Kurz möchte man sich etwas anbraten oder eine Sauce anrühren – doch plötzlich ist man sich nicht mehr sicher, ob das Öl überhaupt noch frisch ist. Während die meisten das ranzige Fett schnell entsorgen, kann dieses jedoch noch anders genutzt werden.
Natürlich kann man einen ersten Blick auf das Mindesthaltbarkeitsdatum (= MHD) werfen, aber "das MHD auf Speise-Öl ist, wie bei allen anderen Lebensmitteln auch, nur eine Angabe dazu, bis zu welchem Datum das betreffende Produkt laut Hersteller mindestens unbedenklich genießbar ist", schreibt "oekotest.de".
Das Mindesthaltbarkeitsdatum ist eine Untergrenze und dient in erster Linie als Orientierungshilfe. Die meisten Produkte können auch nach diesem Stichtag noch problemlos konsumiert werden. Die Seite "foodwaste.ch" schreibt, dass man ein Öl bei korrekter Lagerung bis zu 120 Tage über das Mindesthaltbarkeitsdatum hinaus bedenkenlos genießen kann. Das gilt für verschlossene Produkte, die grundsätzlich dunkel und kühl gelagert wurden.
Ist die Ölflasche erst einmal geöffnet, ist diese "je nach Sorte, Lagerung und Produktionsverfahren problemlos zwischen drei und 18 Monaten verwendbar", so "oekotest.de". Je nach Öl variiert nämlich die Haltbarkeit – zum Beispiel sind Leinöl, Walnussöl und Kürbiskernöl reich an ungesättigten Fettsäuren und darum empfindlicher. Sie sind oft nur zwei Monate nach der Öffnung genießbar. Diese Öle kann man im Kühlschrank aufbewahren. Olivenöl kommt nicht in den Kühlschrank und auch nicht auf die Küchenablage, sondern an einen kühlen, dunklen Ort.
Aber egal welches Öl und welche Lagerung: Irgendwann wird jedes schlecht. Das liegt an Oxidationsprozessen aufgrund des Sauerstoffs, die für ungenießbare Substanzen sorgen. Wenn das Öl ranzig wird, merkt man dies vor allem, wenn es säuerlich zum Stinken anfängt oder müffelt. Flockt das Fett oder bildet Schlieren, muss es aber nicht unbedingt schlecht sein: Zum Beispiel Olivenöl kann ausflocken, wenn sich gewisse Pflanzenbestandteile absetzen, die beim Pressen natürlicherweise ins Öl gelangen. Wenn diese also sonst gut riecht und schmeckt, kann man es bedenkenlos verwenden.

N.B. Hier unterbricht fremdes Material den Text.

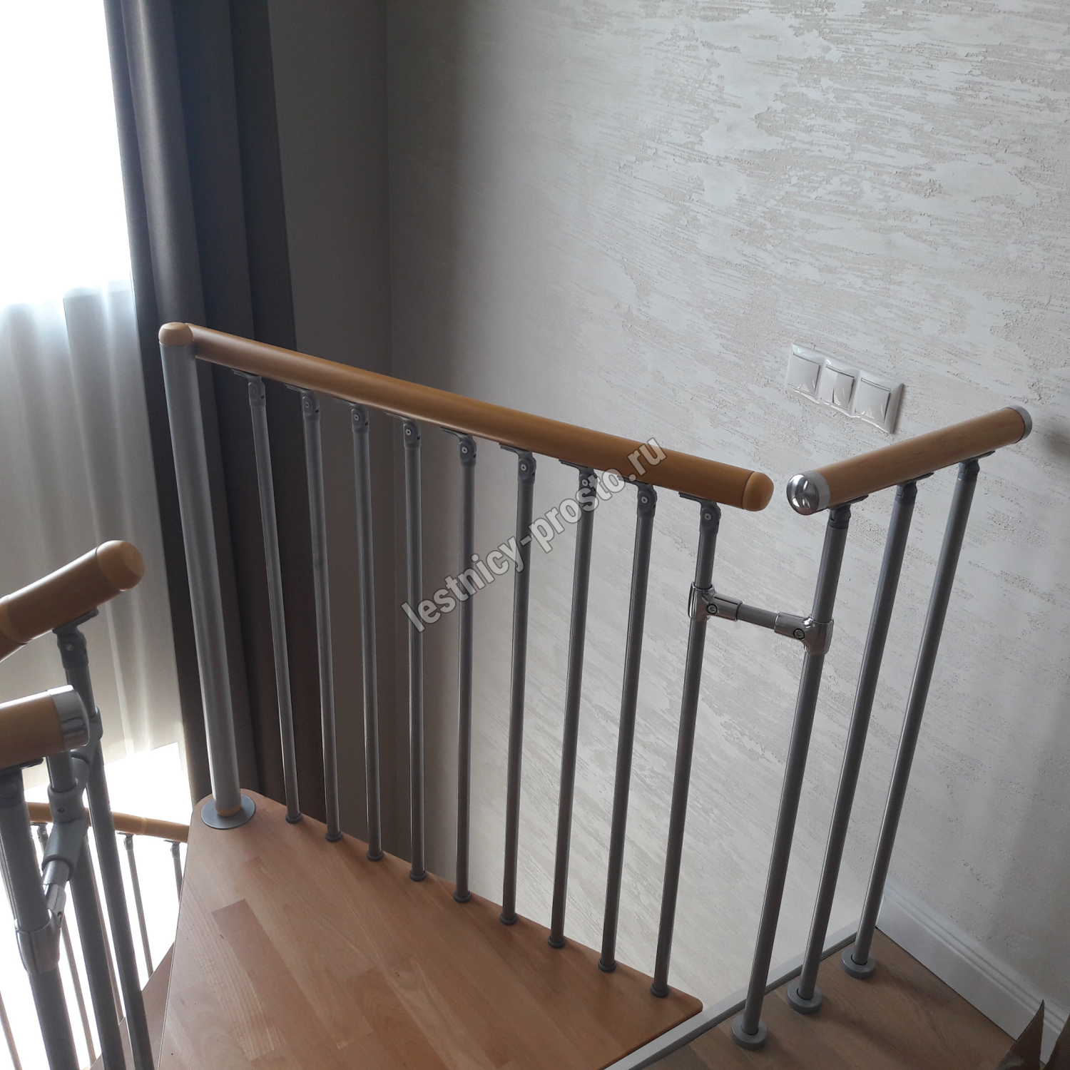 Поручень изготовлен из массива бука или дуба. Ступени и поручень лестницы покрыты износостойким бесцветным лаком.

Wichtig: Falls das Öl wirklich schlecht geworden ist, sollte man es bloß nicht in den Abfluss kippen, da es die Leitungen verstopfen und die Wasseraufbereitung belasten kann. Kleinere Mengen, zum Beispiel aus der Pfanne, kannst du mit einem Küchenpapier aufsaugen und dieses im Abfall entsorgen. Ganze Flaschen Öl, die schon ranzig geworden sind, sollten in bestimmten Entsorgungszentrum abgegeben werden.
Bevor man das abgelaufene Öl entsorgt, kann man es aber noch für andere Zwecke brauchen: Die Seite "safefood.ch" empfiehlt etwa Oliven-, Raps- oder Kokosnussöl für die Lederpflege. Einigen Tropfen Öl kann man auf ein Handtuch geben und das Leder damit massieren. Den Rest wischt man mit einem Fetzen noch weg, damit keine Flecken zurückbleiben.
Auch Holzbrettchen freuen sich über (ranziges) Öl: Dafür eignen sich besonders Lein- oder Sonnenblumenöl. Reibt man das Schneidebrett damit ein, wird es weniger spröde und die Oberfläche wird versiegelt – und das Brett bleibt länger brauchbar.